Changes to the Home Guarantee Scheme would make more homes eligible, but there are risks
Posted on: 26 Apr 2022

Changes to the Home Guarantee Scheme would make more homes eligible, but there are risks

"Are you an Australian who has dreamt about securing your first home? With the rising house prices over the past 2 years, you may feel your dream slipping further and further away. Luckily the government is here to assist." - Kate Moore, Finance Support Manager. 

Prime Minister Scott Morrison this week announced the prices caps for the Home Guarantee Scheme would be increased from 1 July this year.

The Home Guarantee Scheme, previously known as the First Home Loan Deposit Scheme, which was expanded in this year’s budget, allows eligible first-home buyers to take out a mortgage with a deposit of just 5%, rather than the usual 20% necessary to avoid lenders mortgage insurance (LMI).

The government guarantees the remaining 15% of that deposit.

As the scheme reduces how much deposit first-home buyers must save, it will help some buy sooner than they otherwise could have. With interest rates at record lows, it’s saving the deposit – not servicing a mortgage – that is the constraint on homeownership for most.

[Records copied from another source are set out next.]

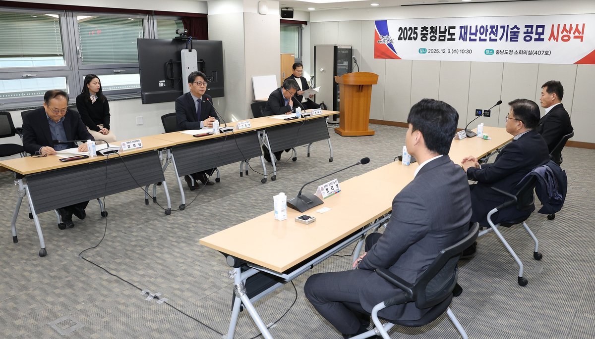 도는 3일 도청 소회의실에서 신동헌 도 자치안전실장, 수상자 등 20여 명이 참석한 가운데, ‘2025년 재난안전기술 공모 시상식’을 개최했다.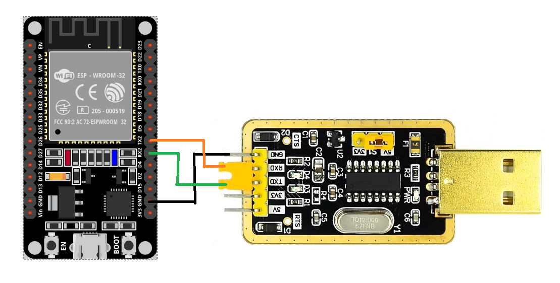 ESP32 的 RX2 引脚连串口模块的 TX,TX2 连 RX,让 ESP32 和 串口模块都连接电脑。
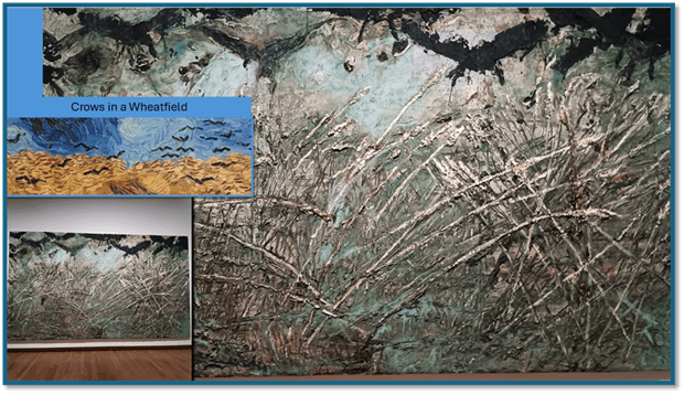 How much more might this be an issue in Kiefer’s version of Van Gogh’s Crows in a Wheatfield (1890: 50.5 x 103 cm) which is 330 x 570 cm in size, in which Van Gogh’s golden-coloured wheat takes the texture and look of lead in Kiefer’s painted dead straw. Kiefer tells is that he learned from Van Gogh that you need not think of Van Gogh as insisting on the real presence of a wheatfield in front of these paintings, but its rendering as a kind of composition of abstracted forms, especially in the birds, which are often little more than two chevrons of black paint. For Kiefer, Van Gogh is building a world that isa world of ‘struggle’: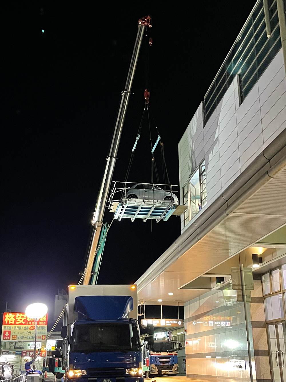9メートルの高さまでクレーンで慎重に上げたところで、駅西側のガラス窓から搬入。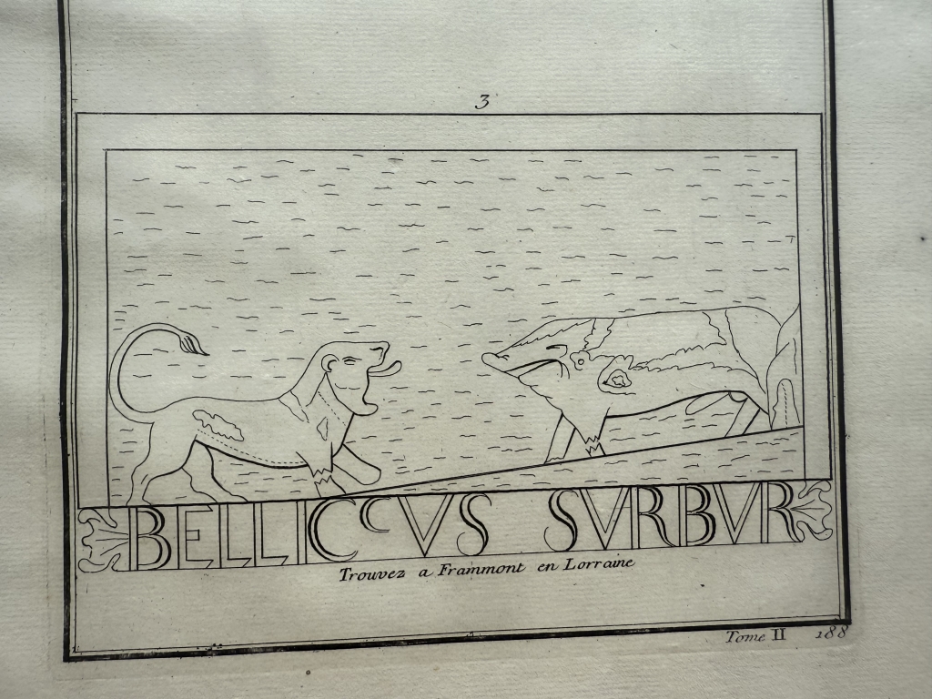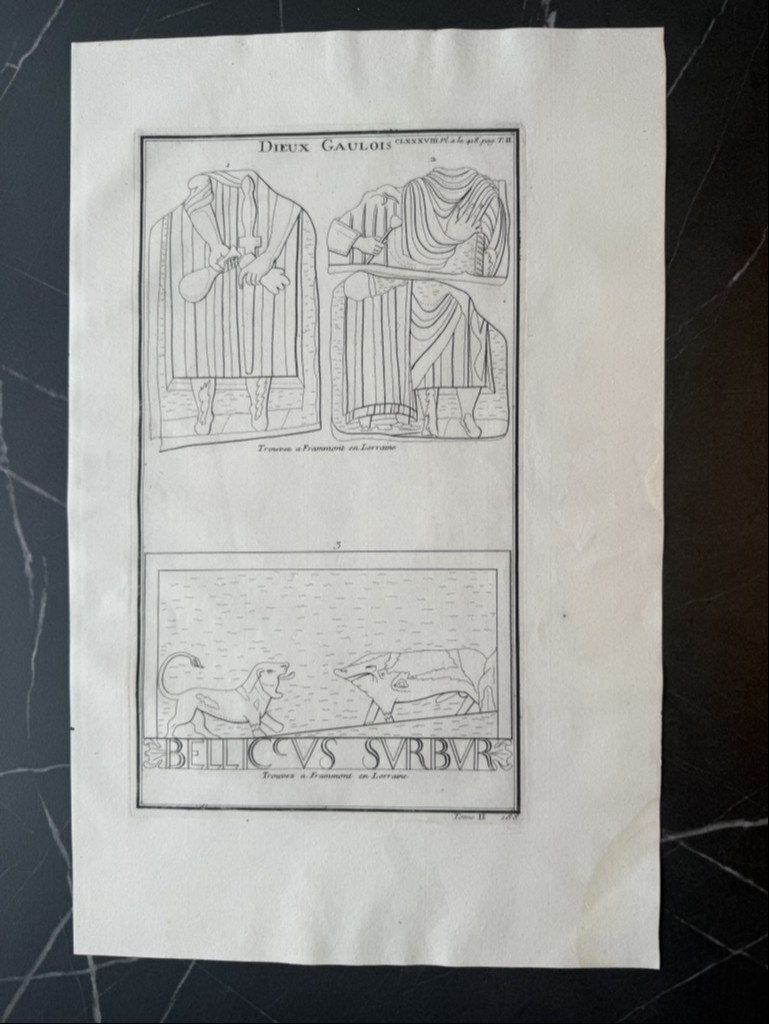 Se nos muestra en este grabado de gran formato, a toda página, con el título en la parte superior “Dieux gaulois, varias representaciones correspondiente a relieves romanos encontrados en la Galia ( Francia en época romana), que son interpretados como dioses o divinidades adoradas por los galos. En la parte superior, tenemos a dos personajes vestidos, a los que le falta la cabeza; y en la parte inferior, dos animales enfrentados, con una inscripción romana debajo de los mismo. Se pueden apreciar muy bien, los detalles de cada una de ellas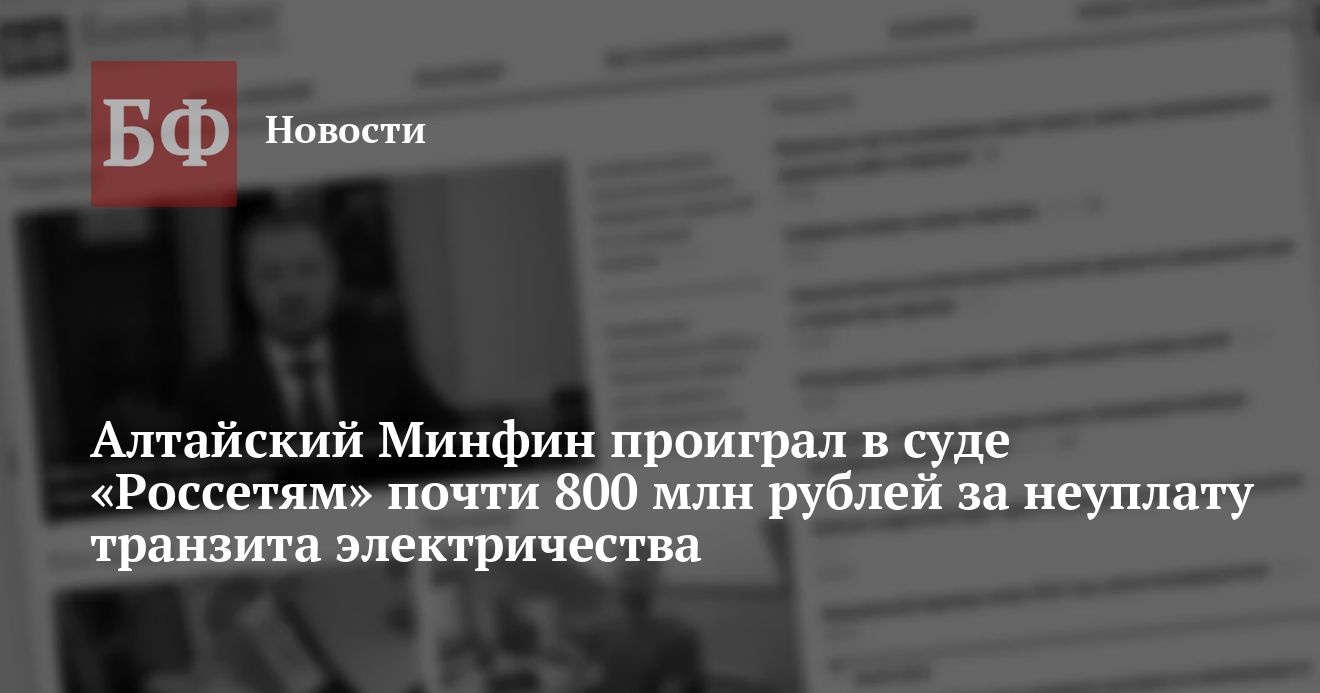 Арбитражный суд вынес решение по иску ПАО «Россети Сибирь» к Минфину Республики Алтай о взыскании крупной суммы долга за транзит электроэнергии. Из материалов дела следует, что заявление компании почти на 800 млн рублей было полностью удовлетворено.

To be eligible for the scheme, buyers must meet an income eligibility threshold, and the home they buy must be under a certain price cap.

We’ve written about these criteria before and how binding they would be.

The short answer is, roughly nine-in-10 buyers meet the income threshold, but it's the purchase price caps that bite and limit participants' choices in what homes are eligible under the scheme.

Under the current caps, fewer than half of the homes in all cities are eligible.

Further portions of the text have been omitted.